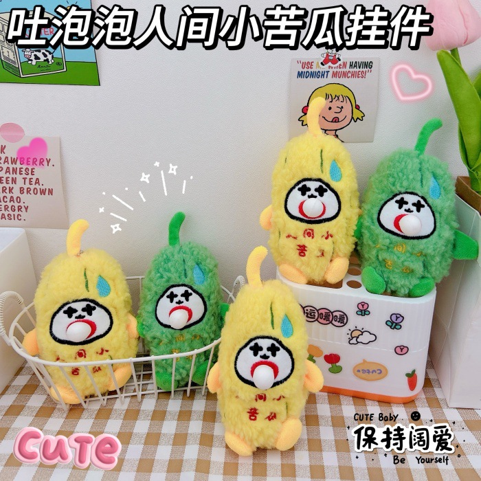 かわいい泡を吐く人間の小さなニガウリのキーホルダーのアイデアのぬいぐるみの小さなニガウリのかばんの飾り
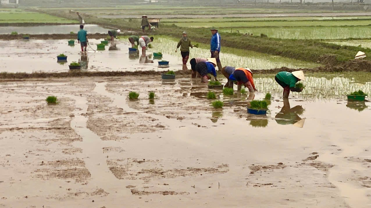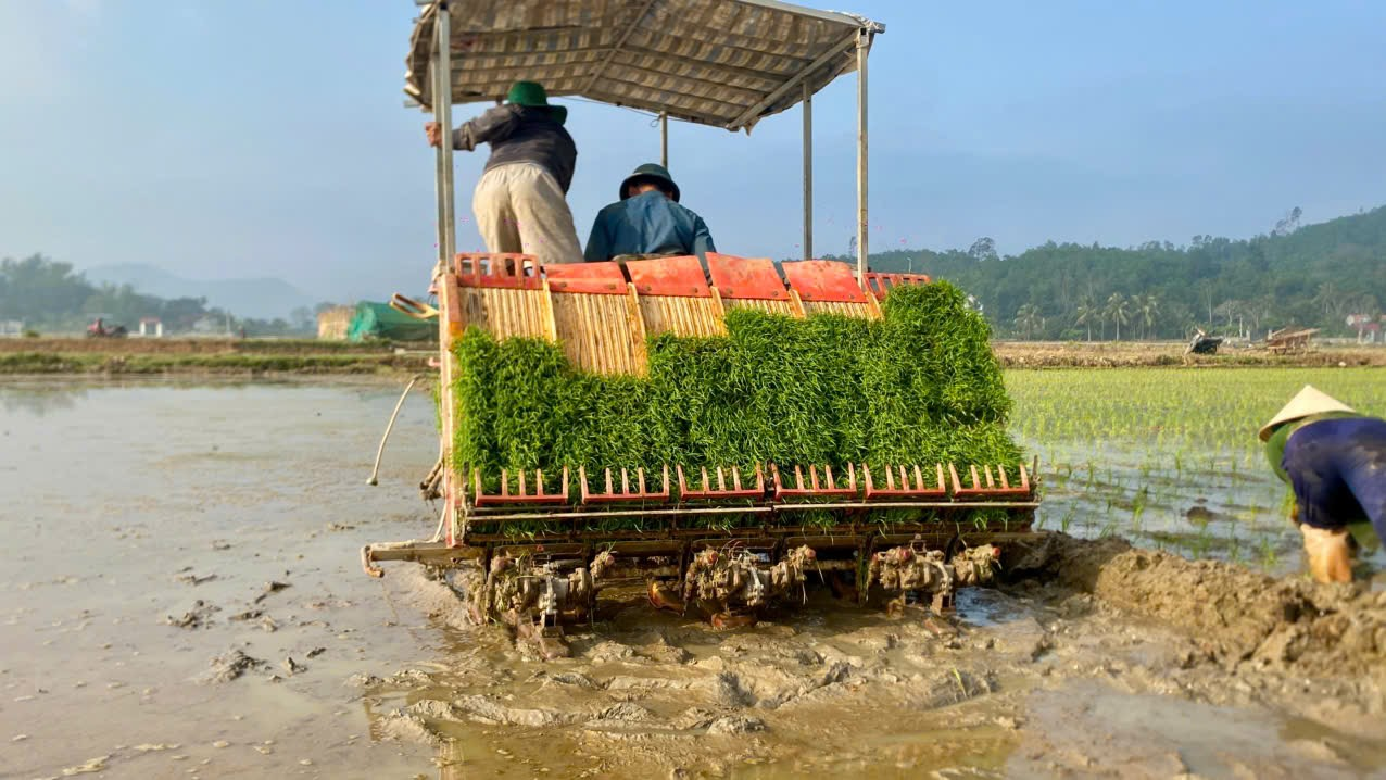 Bên cạnh phương pháp cấy thủ công truyền thống, tại một số cánh đồng, nông dân đã mạnh dạn áp dụng cấy lúa bằng máy, sử dụng mạ khay được chuẩn bị sẵn. Cấy máy giúp bảo đảm mật độ đồng đều, tiết kiệm công lao động, rút ngắn thời gian cấy, đáp ứng yêu cầu sản xuất trong điều kiện thiếu lao động thời vụ. Việc kết hợp linh hoạt giữa cấy thủ công và cấy máy phù hợp với điều kiện ruộng đất và khả năng của từng hộ gia đình, góp phần đẩy nhanh tiến độ cấy lúa vụ đông xuân trên toàn xã.
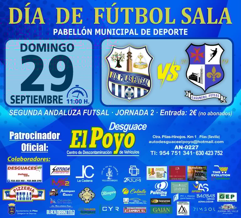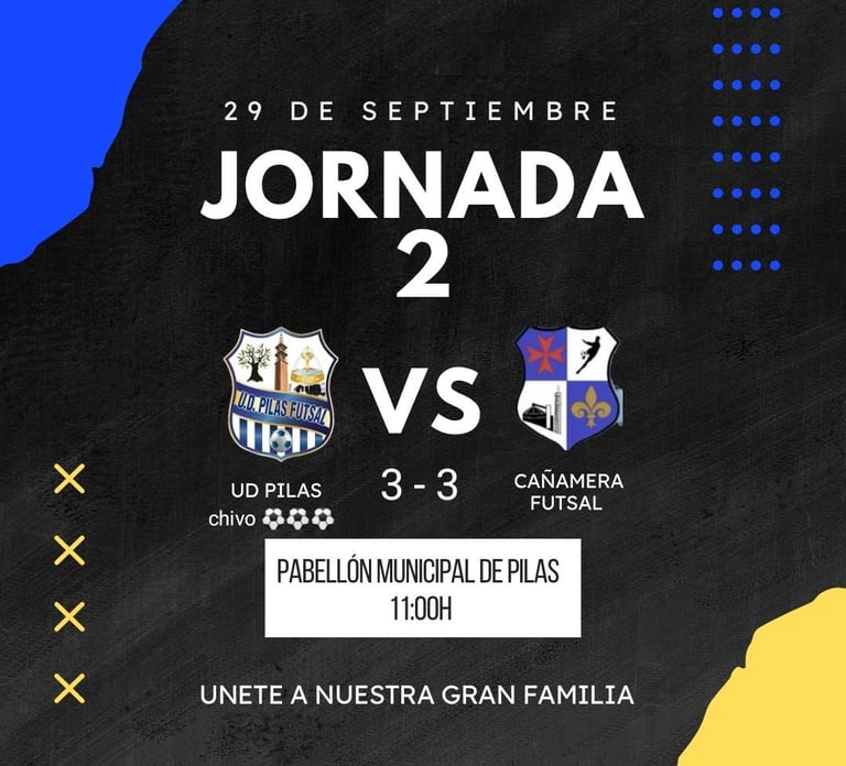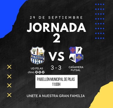El UD Pilas Futsal recibe en casa al Cañamera Futsal tras una primera jornada frente a un rival de gran nivel. Con el equipo ya asentado en la categoría, estamos listos para luchar por la victoria en este emocionante enfrentamiento.
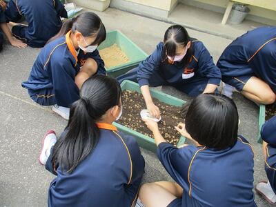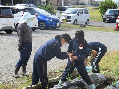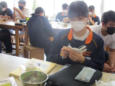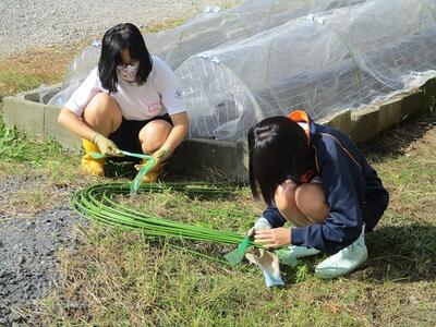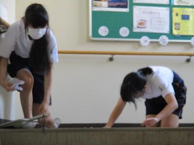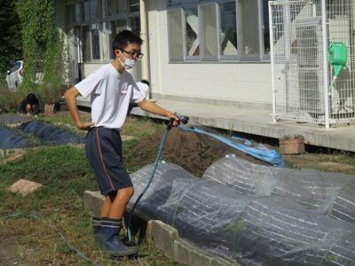 2年生の技術科の授業では、自分達で育てている「小松菜」の収穫を楽しそうに行っていました。
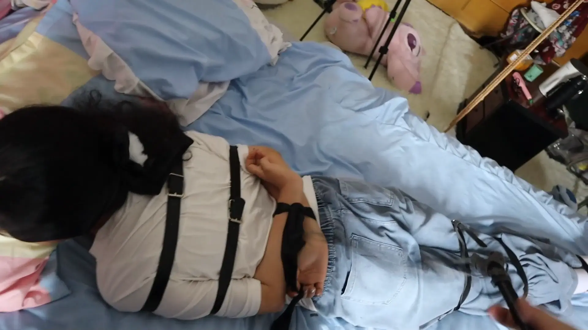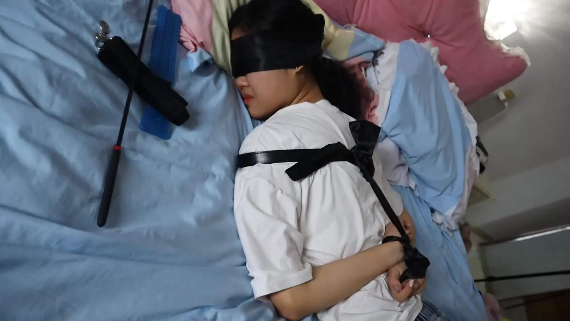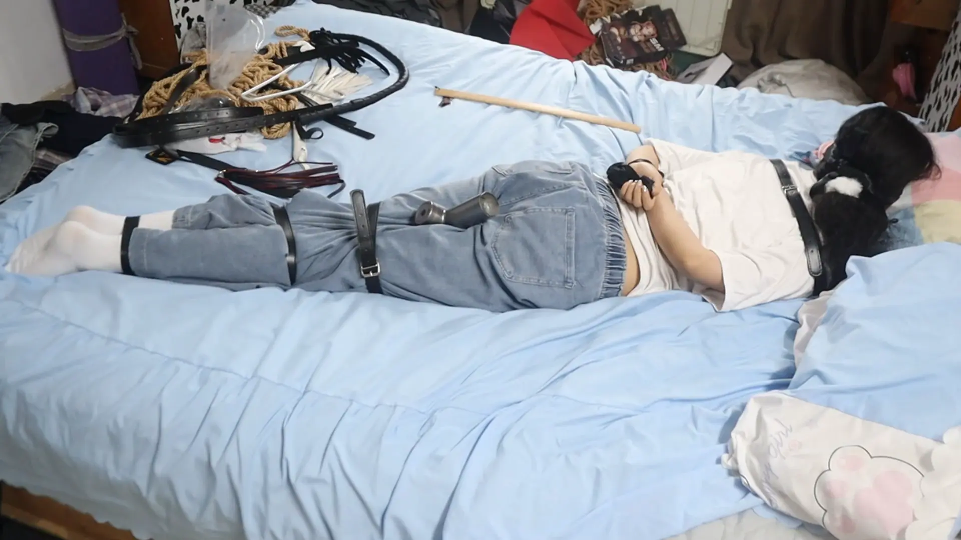 › 【荷仙少女】线下真实调教高挑白袜牛仔裤素人女孩小心翼翼来接受男主调教,一进门就见到几十种鞭子sp害怕又兴奋,皮带绑好身体手脚,纯记录双视,鞭打到后面痛苦挣扎直接大声哭泣喊道便报数边喊谢谢主人
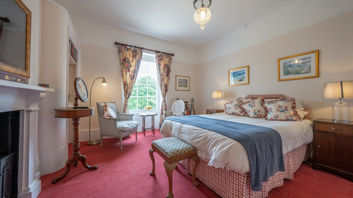 Room 3 - a delightful double room with ensuite bathroom with shower over the bath, overlooking the expansive lawns and flowerbeds of Pantybeiliau
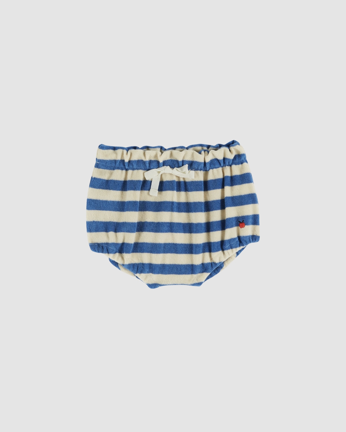 Ses rayures bleues et écrues apportent une note fraîche et intemporelle. De plus, la texture éponge renforce l’aspect moelleux du modèle. Ce bloomer s’intègre facilement dans le vestiaire d’été des tout-petits.
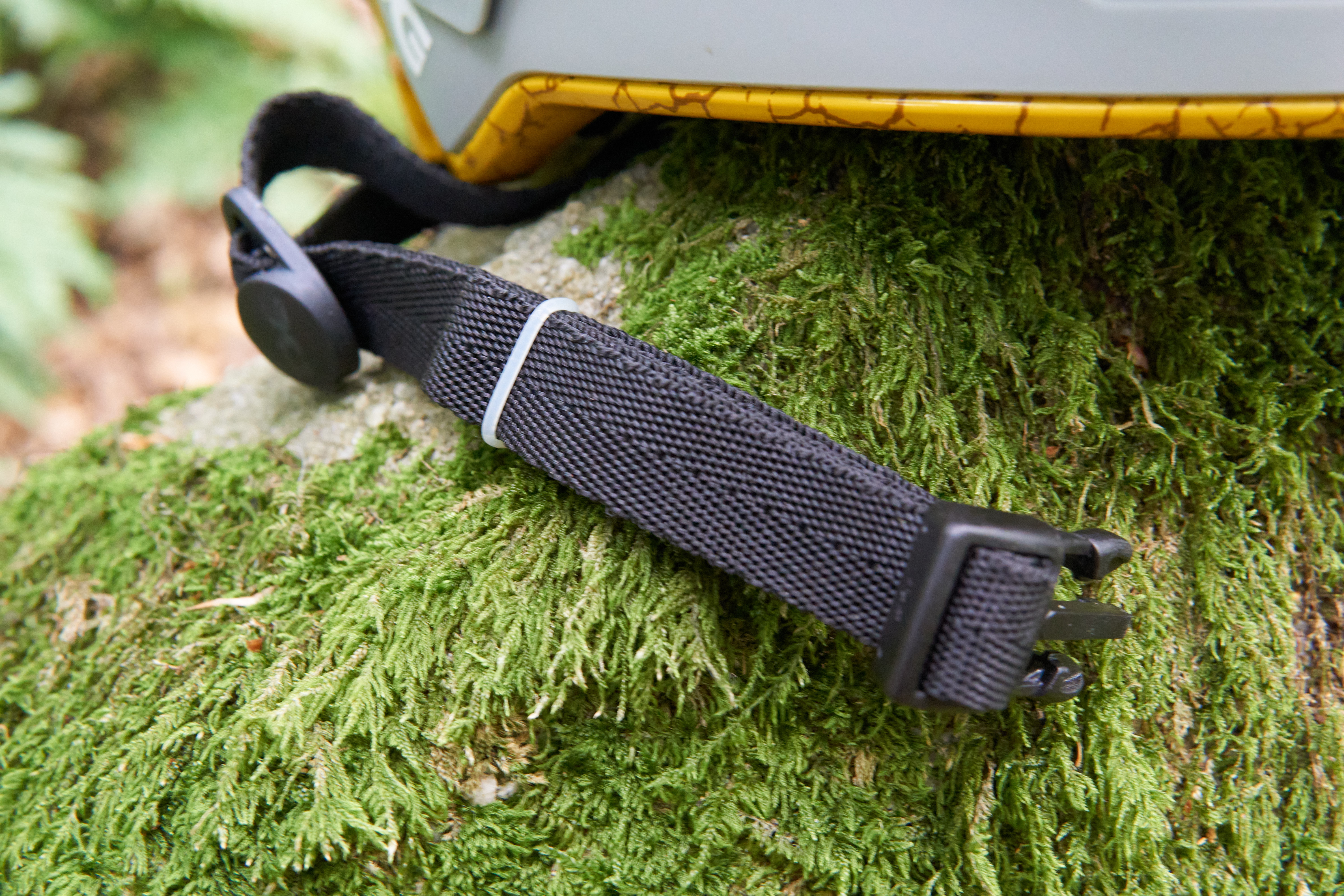 The chin strap has adjustable 3 point sliding buckles and a simple plastic side-release closure. Slightly at odds with the high-quality feel of the helmet, the loose end of the strap is held in place by a cheap-looking rubber band.
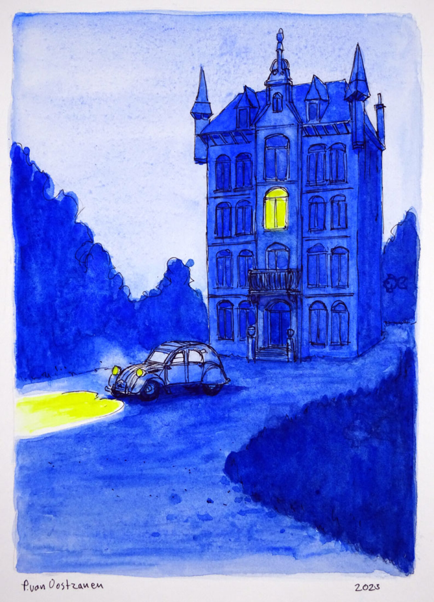 2cv Citroën Citroen Nacht Night Chateau Kasteel Blauw Licht
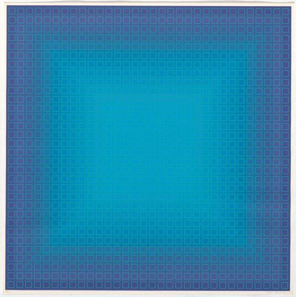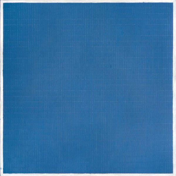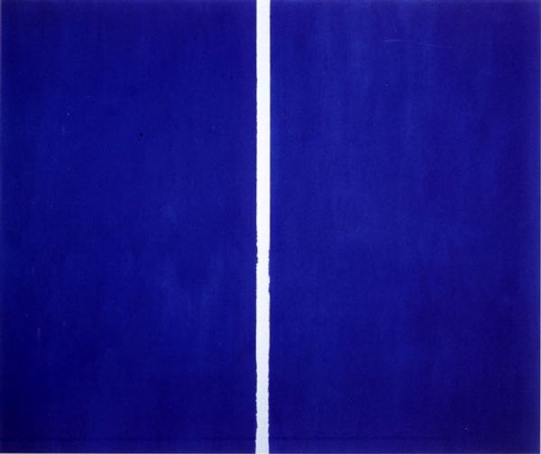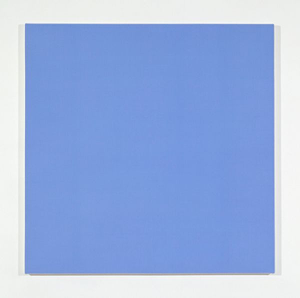Editor: This is Rudolf de Crignis’ "Painting No. 97—23 (Ultramarine Blue, Zinc White, Ruby Lake)," created in 1997. It’s strikingly simple: a monochrome, vibrant blue square. It reminds me of Yves Klein, but much cooler in tone. What historical narratives can we draw from its minimalism? Curator: Its simplicity invites us to consider the broader context of minimalist art and its reception. In the late 20th century, what did such stark reduction signify amidst increasingly complex socio-political landscapes? Editor: That’s interesting. I wouldn’t have thought about it in that light. It seems so… purely aesthetic, disconnected from social issues. Curator: Is it disconnected, though? Think about the role of institutions in validating such work. Galleries, collectors, even the art market itself - how do they shape our understanding and assign value to a seemingly simple object like this blue square? What kind of statement is Crignis making? Editor: Perhaps it's a commentary on the art world itself, the way value is assigned, or even a deliberate provocation to engage with colour in a specific cultural context? It's much more complex than it looks, it seems! Curator: Exactly! And that perceived 'purity' could be a deliberate illusion. What political or social statements can the display and appreciation of minimalist works in elite spaces suggest? Are they aesthetic statements, or socio-political ones too? Editor: I had not even thought about the value ascribed and validation via institutions playing a socio-political role. Thanks; that gives me a totally fresh perspective. Curator: My pleasure! Now consider: who decides what deserves that validation?
• • • • • • •
- What you have to do:
For this exercise, please set down exactly the lines of the listing above from the line with "2年生の技術科の授業では、自" up to and including the line with "2cv Citroën Citroen", and no pictures.

- The completed task:
 2年生の技術科の授業では、自分達で育てている「小松菜」の収穫を楽しそうに行っていました。
 › 【荷仙少女】线下真实调教高挑白袜牛仔裤素人女孩小心翼翼来接受男主调教,一进门就见到几十种鞭子sp害怕又兴奋,皮带绑好身体手脚,纯记录双视,鞭打到后面痛苦挣扎直接大声哭泣喊道便报数边喊谢谢主人
 Room 3 - a delightful double room with ensuite bathroom with shower over the bath, overlooking the expansive lawns and flowerbeds of Pantybeiliau
 Ses rayures bleues et écrues apportent une note fraîche et intemporelle. De plus, la texture éponge renforce l’aspect moelleux du modèle. Ce bloomer s’intègre facilement dans le vestiaire d’été des tout-petits.
 The chin strap has adjustable 3 point sliding buckles and a simple plastic side-release closure. Slightly at odds with the high-quality feel of the helmet, the loose end of the strap is held in place by a cheap-looking rubber band.
 2cv Citroën Citroen Nacht Night Chateau Kasteel Blauw Licht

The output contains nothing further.